He oído y leído la frase cientos de veces, la mayoría de ellas en boca o pluma de compañeros que no es que no hayan leído al periodista polaco Ryszard Kapuscinski –a quien se atribuye originalmente la cita–, sino que tendrían dificultades para citar sus cinco últimos libros leídos. La sentencia dice algo así como que "para ser buen periodista hay que ser buena persona", o que "las malas personas no pueden ser buenos periodistas". La frase la enarbolan con entusiasmo todos aquellos que con el mismo fervor aseguran que desde el periodismo podemos construir un mundo mejor, más justo, más ecologista, más feminista, más animalista o más vegano…
Ya saben que corren tiempos de neocensura, en los que los periodistas no sólo tenemos que ser diligentes en nuestro trabajo, sino que debemos escribir, hablar y comportarnos con arreglo a los cánones del momento, no vaya a ser que acabemos cancelados o nuestra obra revisada y puesta al día para no herir a ningún colectivo. Así que hoy la ñoña frase del reportero polaco lo tiene todo para triunfar. Es más, me extraña que en las redacciones de esos nuevos medios que cacarean su independencia en cuanto abres su web –ya se sabe que todos los demás medios somos vasallos del Ibex 35 y de oscuros poderes– no haya un cartel con la sentencia de Kapuscinski que reciba a esos redactores y redactoras dispuestos y dispuestas a cambiar el mundo.

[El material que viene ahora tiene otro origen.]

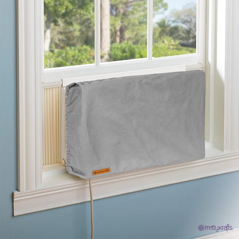 PrettyKrafts Window Air Conditioner Cover, Outdoor, Outside Window AC Unit Cover, Dust-Proof, Waterproof AC Cover, Outdoor Window AC Protection Cover with Drawstring, Set of 1, Grey

La frase es una idiotez y, además, es mentira, uno de los mayores bulos que corren por la profesión. Vivo en redacciones desde mi más temprana infancia. La primera que conocí fue la del diario Pueblo, donde mi padre trabajó hasta su cierre, en 1984, y cuya historia se publicará próximamente en el libro 'Nido de piratas' (editorial Debate), del colega Jesús Fernández Úbeda. En los primeros años setenta las separaciones matrimoniales no estaban protocolizadas, no había convenios ni formalismos parecidos, así que mi madre me colocaba en la puerta del periódico los viernes al salir del colegio y ahí se las apañasen mi padre y todos sus compañeros con la criatura, es decir, yo mismo. Aquello me hizo conocer a la élite del periodismo, a todos aquellos desalmados (y también desalmadas) que trabajaban en el número 73 de la calle Huertas. Así que unos treinta años antes de conocer la frase de Kapuscinski aprendí que para ser buen periodista hay que tener hambre de noticias, las orejas y los ojos bien abiertos, paciencia de cazador, tolerancia a la frustración, muchos libros leídos, amor por la calle y lealtad por tus fuentes. Con todo ese acervo, aun siendo un hijo de puta de marca mayor, se puede ser un gran periodista.
A los diecinueve años comencé a trabajar. He pasado en estos treinta y seis años por periódicos, semanarios, emisoras de radio y cadenas de televisión. En redacciones compuestas por veteranos y en otras insultantemente jóvenes. Y en todas ellas he encontrado a algunos magníficos profesionales que eran personas muy poco recomendables y a gente maravillosa a la que he animado a cambiar de oficio de lo malos periodistas que eran. Y para estar en la misma trinchera, créanme, siempre he preferido a los cabrones competentes que a los inútiles de buen corazón.
Me quedan unos pocos años en este oficio, aunque me temo que los suficientes para asistir a la metamorfosis que convertirá las redacciones en nidos de seguidores de Mr. Wonderful, con comisariados que velarán para que en sus medios no se agravie a ningún colectivo animado o inanimado y con periodistas sensibles a todas las causas, buenísimas personas y con miles de seguidores en redes sociales. De ellos y ellas es el futuro. Aunque crean que una fuente es un lugar del que sale agua y no distingan una anécdota de una noticia.